Кан Дэ объявили эрой, в которой начинали жить подданные его государства, началом нового летосчисления.
Но в душе Пу-и не было почему-то ощущения чего-то постоянного, тем более вечного. Может быть, права его жена Суань Тэ, которая так скептически отнеслась к японскому предложению… В разгар торжества Пу-и захотелось вдруг обратно в Тяньцзинь, в тенистый сад и тишину…
Дворецкий Чэн Сяо, каждый вечер много лет раздевавший императора, снимавший обувь, быстро вошел в новую роль премьер-министра. Он почтительно поставил императорскую печать под рескриптом и прочитал вслух его содержание. Все закричали «Вансуй!» в честь рождения новой империи, в честь восшествия на престол нового императора.
Рядом с троном тесной группкой стояли японцы — командующий Хондзио, его ближайшие сотрудники Итагаки, Доихара, а также будущий советник императора Таракасуки. Они тоже кричали «Вансуй!» и выражали радость по поводу национального праздника.
Это было в столице нового государства Чанчуне, переименованном в Синьцзин по случаю восшествия на престол Генри Пу-и, императора Маньчжоу-го.
А вечером, когда за окнами императорского дворца еще продолжала бушевать толпа, приветствуя рождение новой эры, когда темноту неба еще прорезали сияющие разноцветными огнями ракеты праздничной иллюминации, в покои Генри Пу-и явился генерал Таракасуки. Он успел снять парадный мундир, в котором присутствовал на коронации в тронном зале, и был теперь в штатском темно-коричневом будничном кимоно.
— Ваше величество, — почтительно сказал Таракасуки, — вам надо подписать военный договор с командующим Квантунской армии.
Он раскрыл большую сафьяновую папку и протянул Пу-и тонкую колонковую кисть, обмакнув ее в маслянистую тушь.
— Но я не читал его…
— Ничего, ничего… Теперь я ваш советник, и вам не придется обременять себя докучливыми делами. Здесь предусмотрено все, что нужно. Генерал Хондзио уже подписал договор. Прошу вас!
Генри Пу-и покорно взял кисть и начертал под договором свое имя.
— Господин премьер, поставьте императорскую печать…

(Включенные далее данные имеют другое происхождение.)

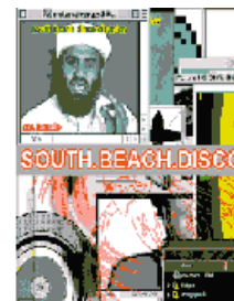
south beach disco by antonio mendoza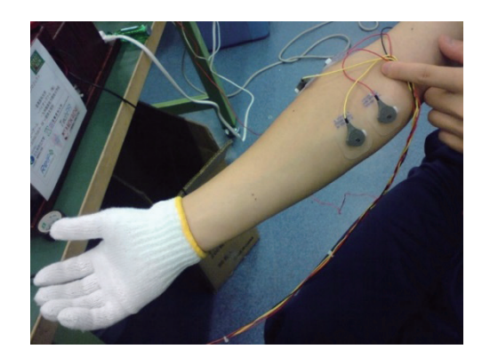
Fig. 3. (Color online) Positioning of myoelectric sensors.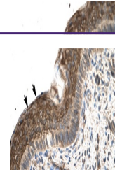
Antibody used in IHC on Human Spermatozoph...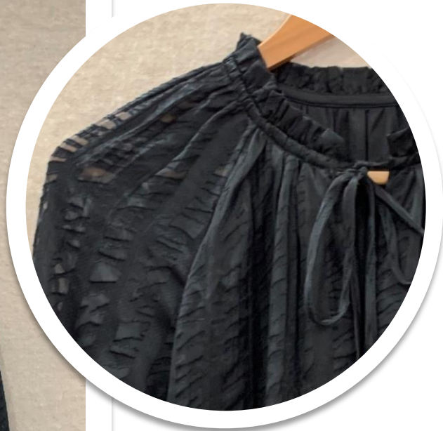
#AMBER-21 Burnout Satin (imported)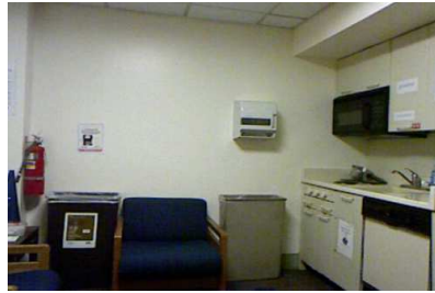
DAQUAR: What is on the left side of the fire extinguisher and on the right side of the chair? Ground Truth: Table Predicted: Table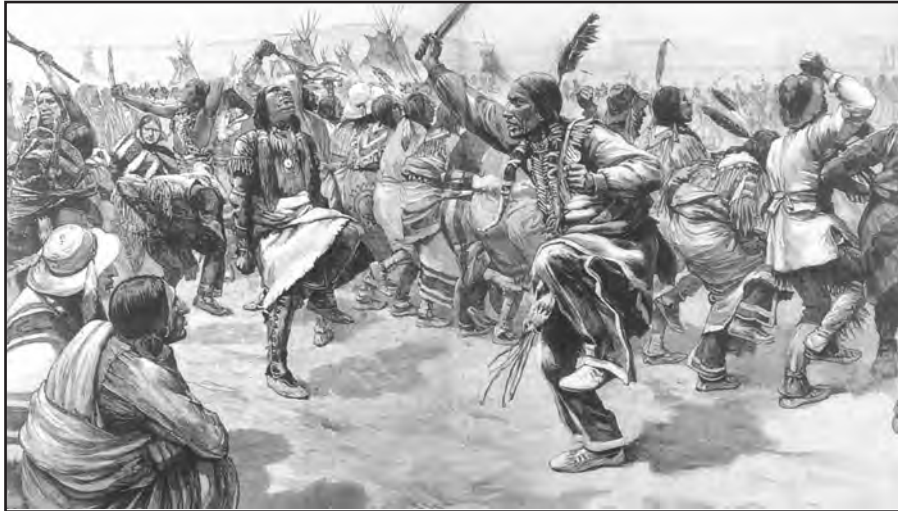
[An illustration of the Ghost Dance performed by the Sioux Indians in 1890. It was hoped this would cause the whites to disappear, the buffalo to return and for dead Indian warriors to come back.]

Study the picture below and then answer the questions which follow.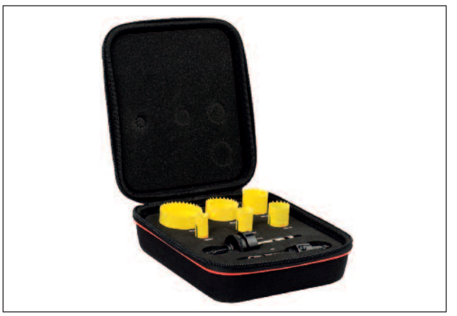
Fast Cut Hole Saw Kits also available. See pg 42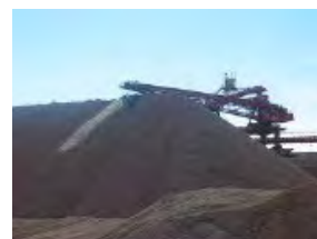
Stockpile dust control

CAPABLE OF REDUCING WATER SURFACE TENSION BY MORE THAN 80% AT RATIOS OF UP TO 1:4000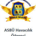
ASBÜ Havacılık Öğrenci Topluluğu

Когда Чэн Сяо скрепил договор красной печатью, генерал Таракасуки повернулся к нему:
— Вам тоже, господин премьер-министр, надо подписать вот это ваше письмо — приложение к договору.
Чэн Сяо все же успел пробежать некоторые строки.
«Моя страна, — говорилось в письме, — в будущем поручит Японии национальную оборону Маньчжоу-го и поддержание общего порядка в стране. Все расходы, необходимые для этого, будет нести наша страна…»
Чэн Сяо услужливо подписал протянутую ему бумагу. Советник императора, подождав, пока просохнет тушь, положил документы в сафьяновую папку.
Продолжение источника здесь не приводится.